Fight for Milpitas Hills.
SPENCER MICHELS: In the fast-growing town of Milpitas, near San Jose, it was the voters who acted against developers. The issue was development of the hills adjacent to the town. A handful of luxury subdivisions were built there recently, and some landowners planned to develop more. . . . Longtime homeowner Maria Lemery led a ballot initiative called Measure Z to create an urban growth boundary, a line at the base of the hills beyond which most new development would be forbidden.
MARIA LEMERY: Once you open it up, and the city approves developments and agrees to provide services, basically it's very growth-inducing, then there's another development, another development, and that's what you call sprawl.
SPENCER MICHELS: Lemery valued her view of the hills, and didn't want it ruined.
MARIA LEMERY: Why do people go off and do camping? Why do we go off into the woods? Why do we feel that need? It's just there. If we were to let the market forces prevail, we would not have beautiful open spaces.
SPENCER MICHELS: 55 percent of the voters approved Measure Z, and so the road separating the hills from the homes became the urban growth boundary. Still, there were plenty of unhappy homeowners, like Karen Serpa. Serpa says she had wanted to protect the open spaces as well, but thought it could be done without new regulation. Her family has owned 29 acres of the Milpitas Hills for two generations.
KAREN SERPA: The public in Milpitas is very, very centered on the fact that they like the hills. They go so far as saying "our hills." They are not their hills. I do not owe the public a view of my open hills. This is an issue, keep local control of our hills, vote no on Z. This was the basis of our campaign.

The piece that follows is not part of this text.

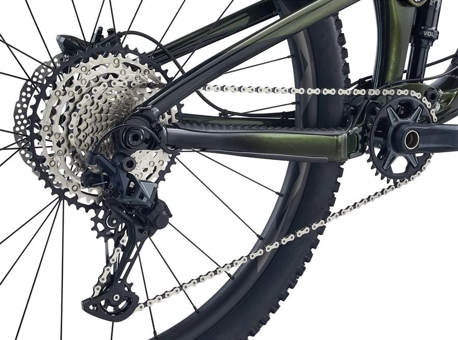 | Frame: Fork: Silencer: | ALUXX SL Aluminum, Maestro suspension, travel 120 mm, fixed axle 12×148 mm Fox 34 Performance, 130mm, GRIP damper, Boost 15×110 Kabolt, 44mm offset, custom tuned for Giant Fox Float DPS Performance, 185/50, custom tuned for Giant |

SPENCER MICHELS: Serpa led the opposition to Measure Z, which she said would prevent her from building homes for her three children on her own land. But she knew she was fighting against a popular cause.
KAREN SERPA: . . . There are many areas that can be environmentally protected. I don't think it should ride on the back of individual citizens.
SPENCER MICHELS: And you think it's on your back?
KAREN SERPA: Absolutely.
SPENCER MICHELS: Developer Tom Koch, who builds homes throughout the Bay Area, says anti-growth initiatives are unrealistic.
TOM KOCH: We're talking about our children and where they're going to live, and that's the real issue that the Bay Area faces. Our projections are the state will have 48 million people by the year 2020. We currently have 33 ½ million people. I know of no policy, no directive that would change that in the least. So we need housing at all levels, at all income levels, in all locations. That's what needs to happen for California to be able to handle this challenge.